Представление было воспринято по-разному. Средняя публика расходилась, недовольная опорой; музыка казалась каким-то вызывающим головокружение шумом, кутерьмой, в которой потонули всякая поэзия, драматизм, игра актёров и певцов. Но в общем-то зрители помалкивали. Выжидали, что скажет критика, каков будет отклик печати на премьеру в Веймаре.

Лист повторяет постановку 31 августа. Затем в сентябре и в октябре. Одно сражение — с театральной публикой — он проиграл. Зато выиграл другое, завоевав молодёжь, новое музыкальное поколение, Zukunft[56]— выиграл с триумфом, полноценной победой.

В Веймар, как в Мекку, потянулись выдающиеся молодые музыканты. Они желают учиться у дирижёра, который нашёл в себе смелость поставить на сцене «Лоэнгрина», у пианиста, который, находясь на вершине собственной славы, предпочёл не ослеплять мир, но скромно учить музыке молодёжь.
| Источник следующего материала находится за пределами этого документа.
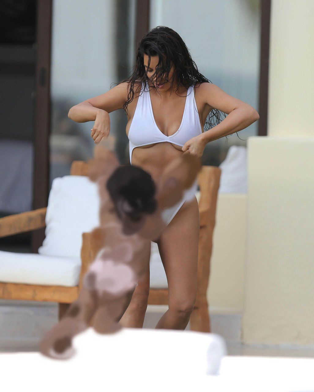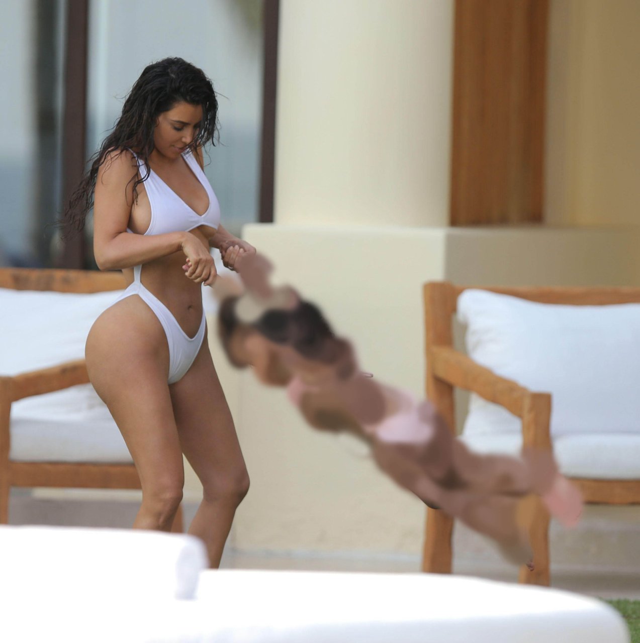 Kim Kardashian muestra su cuerpo caliente con un monokini blanco durante sus vacaciones en Casa Aramara, Punta Mita, México, 19/08/2016. Kim Kardashian es una personalidad estadounidense de televisión y redes sociales, socialité y modelo. Edad: 35 (21 de octubre de 1980).

Художник Корнелиус привозит к нему своего племянника Петера, и Ференц открывает в нём незаурядный талант композитора. К веймарскому кружку примыкает и Йожеф Иоахим. Учиться блестящей фортепианной технике Листа приезжают Куллак, Литольф, маленький Карл Таузиг — из Польши, Шаламон Ядассон, Ганс Бронзарт и, наконец, болезненный Ганс Бюлов. Все они мечтали о таком совершенстве в искусстве, какого ещё не достигал человек, какое, подобно Архимедову рычагу, способно перевернуть мир.

 

Собирались друзья. Но не дремали и враги. По всем городам Германии — от Готы и Магдебурга до Берлина и Эрфурта — прокатилось эхо веймарского грома: играют Вагнера и, правда редко, — композиции Листа. Враги становятся всё белее злыми: Юлиан Шмидт — учёный музыковед, Отто Ян, биограф Моцарта, Кюне, критик с острым, пером, выступающий на страницах журнала «Европа», Эдурд Ганслик в газете «Нойе Фрайе Прессе», Вольцоген из музыкального отдела «Аугсбургер Альгемайне Цайтунг» и бывший хороший друг Фердинанд Гиллер грозятся крестовым походом против Альтенбурга.
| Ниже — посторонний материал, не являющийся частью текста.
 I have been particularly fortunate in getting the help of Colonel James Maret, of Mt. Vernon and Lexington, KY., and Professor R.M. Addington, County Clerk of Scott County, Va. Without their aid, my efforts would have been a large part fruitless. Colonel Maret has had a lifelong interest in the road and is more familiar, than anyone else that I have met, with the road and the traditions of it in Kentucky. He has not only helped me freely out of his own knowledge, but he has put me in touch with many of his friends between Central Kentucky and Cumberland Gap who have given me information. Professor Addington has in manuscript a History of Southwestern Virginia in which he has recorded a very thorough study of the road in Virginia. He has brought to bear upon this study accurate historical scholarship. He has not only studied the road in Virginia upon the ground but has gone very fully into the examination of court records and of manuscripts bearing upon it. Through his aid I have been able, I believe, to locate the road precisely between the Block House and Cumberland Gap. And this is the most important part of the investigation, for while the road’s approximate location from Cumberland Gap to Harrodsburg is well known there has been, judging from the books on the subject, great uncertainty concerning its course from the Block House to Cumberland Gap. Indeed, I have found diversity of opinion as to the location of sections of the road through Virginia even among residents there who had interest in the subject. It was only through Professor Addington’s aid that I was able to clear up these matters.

Конечно, и Листу не приходится жаловаться, его войско не редеет: по-прежнему с ним Роберт Франц, Луиза Отто, первая женщина в рядах движения «Музыка будущего», восторженная и воинственная, и Теодор Улиг, и Рихард Поль, называвший себя «тяжёлым латником» в альтшгбургском лагере, Луи Кёлер, изысканный пианист, граф Лоренсан; Зайфриц — частый гость «Смотровой башни», Штейн — дирижёр оркестра в Зондерхаузене, и Дамрош, который сначала борется за «музыку будущего» в Бреслау, а позднее прививает дух Веймара и в Америке.
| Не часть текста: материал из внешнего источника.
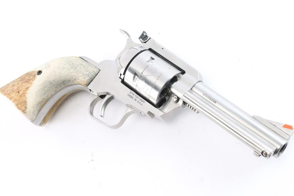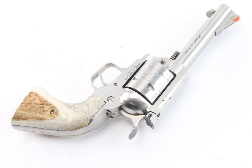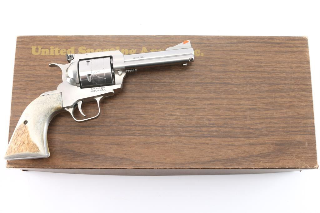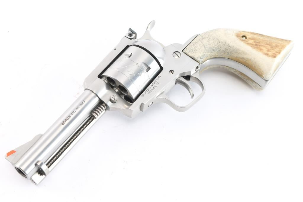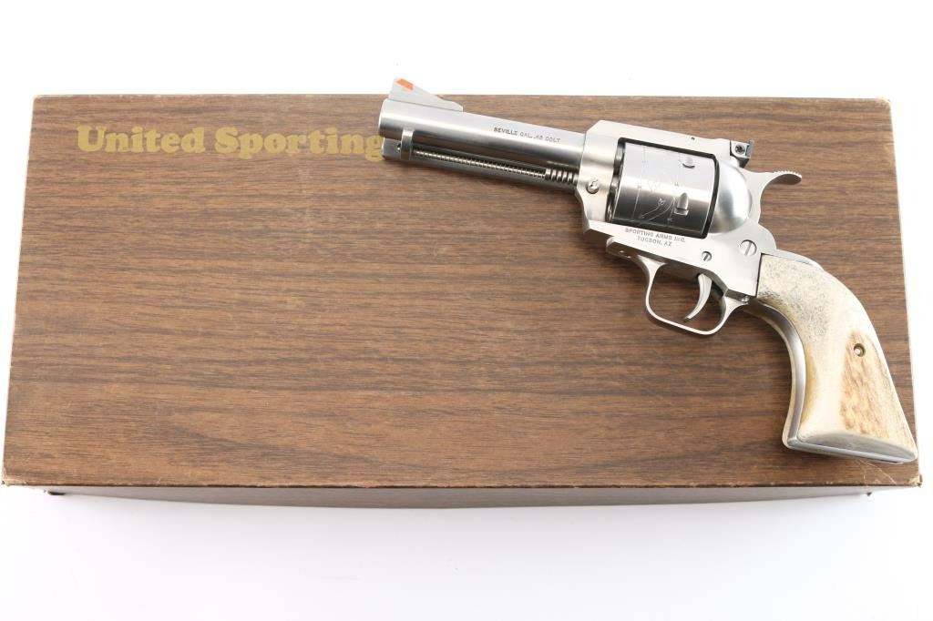 Single action six shot revolver chambered in .45 Colt. Copy of Ruger Blackhawk revolver made by Sporting Arms Inc. Tucson, AZ. Features stainless steel construction, a 4 5/8" barrel, engraved non-fluted cylinder, ramped serrated blade front sight with orange insert, adjustable rear sight, serrated wide hammer, serrated wide trigger and two piece over-sized stag grips. Smooth action with tight lockup. Bore is pristine. Retains approx. 99% finish with very few handling marks. Comes with original factory box. Condition is excellent. ***Modern Firearm***

А среди значительных врагов… Роберт и Клара Шуманы. Лист снова и снова предлагает им мир. Исполняет в Веймаре музыку шумановского «Манфреда», посвящает Шуману лучшую свою Сонату си минор, направляет «посланцем мира» Иоахима, наконец, сам навещает Шуманов. И наталкивается на грубый отказ. А тут и ещё одна весть из Парижа: обиделся Берлиоз. Но именно эта весть помогает Ференцу понять, за что они оба — и Шуман и Берлиоз — сердятся на Листа: за то, что он занимается Вагнером. Как он, дирижёр и историк музыки, возмущаются они, может совершать такую ошибку, ставя его выше них? Только теперь Ференц начинает постигать этот странный, секретный механизм ревнивой «любви». И Шуман и Берлиоз (и, вероятно, Вагнер) требуют исключительности: люби только меня! Никаких соперников!

И Ференц теперь понимает эту странную, «дружескую любовь»: его воображение достаточно широко и для этого. Увы, эта мания совершенно противна его натуре. Всю свою жизнь стремился Лист к тому, чтобы полюбить как можно больше красок, движений, голосов целого мира. В пору своих странствий он почти в одно и то же время слушал и песни русских цыган, и торжественные представления французских «больших онёр», и венгерские вербункоши, и песни рейнской долины, и расцветшую вслед за Паганини «демоническую игру на скрипке», и наивную волынку где-нибудь на севере Европы, в Шотландии. Он любил одновременно, сразу и без всякой исключительности для кого бы то ни было Шумана и Мендельсона, Шопена и Россини, Эркеля и Глинку, разгадываемого с трудом Бетховена и по-детски беззаботного Доминико Скарлатти. А теперь друзья — и вместе с ними, увы, и враги — зачем то пытаются заставить его подчиниться одному-единственному вкусу. Нет, так не будет. Он сохранит свою независимость, даже если вызовет этим ненависть всех на свете противников своей независимости.

Близилось 28 августа, день рождения великого Гёте. Наследный великий герцог Карл-Александр несколько озабочен тем, что Лист и по этому случаю в день празднеств решил поставить на сцене Веймарского театра оперу Вагнера. Более того, определённые круги при дворе стали распространять слухи о том, что Лист использует веймарскую сцену исключительно для нового направления в музыке, так что публика с консервативными взглядами уже давно перестала посещать театр. Лист опроверг эту вздорную выдумку очень просто: он показал будущему великому герцогу репертуар последних лет, где значились оперы многих композиторов-классиков и современных авторов.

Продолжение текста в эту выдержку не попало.